> Data shown:
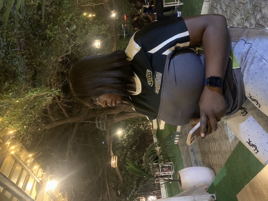 A woman is sitting at an outdoor table at night. She is wearing a black and white shirt with gray leggings that have a black pattern. She holds a cell phone in her hand. She has on a dark smart watch. The scene is surrounded by trees and decorative lighting. A potted plant sits on the table next to her.
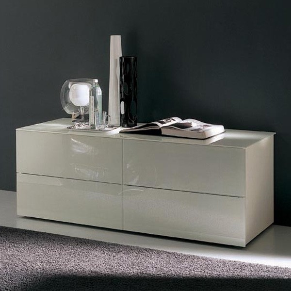 A dresser with 4 drawers and a painted wooden frame with matching glass panels on the drawers and top. Available in white, sand or anthracite (dark gray).
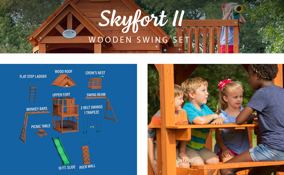 CUSTOMER FAVORITE OUTDOOR SWINGSET: Your kids will have fun playing backyard games on the Skyfort swing set. Nicely equipped with multiple playhouse accessories and features to keep your children entertained for hours.
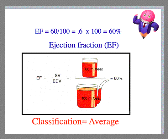 An average ejection fraction classification is 60%

> Work order: Leave out the pictures and repeat the remaining data exactly.

> Answer box:
 A woman is sitting at an outdoor table at night. She is wearing a black and white shirt with gray leggings that have a black pattern. She holds a cell phone in her hand. She has on a dark smart watch. The scene is surrounded by trees and decorative lighting. A potted plant sits on the table next to her.
 A dresser with 4 drawers and a painted wooden frame with matching glass panels on the drawers and top. Available in white, sand or anthracite (dark gray).
 CUSTOMER FAVORITE OUTDOOR SWINGSET: Your kids will have fun playing backyard games on the Skyfort swing set. Nicely equipped with multiple playhouse accessories and features to keep your children entertained for hours.
 An average ejection fraction classification is 60%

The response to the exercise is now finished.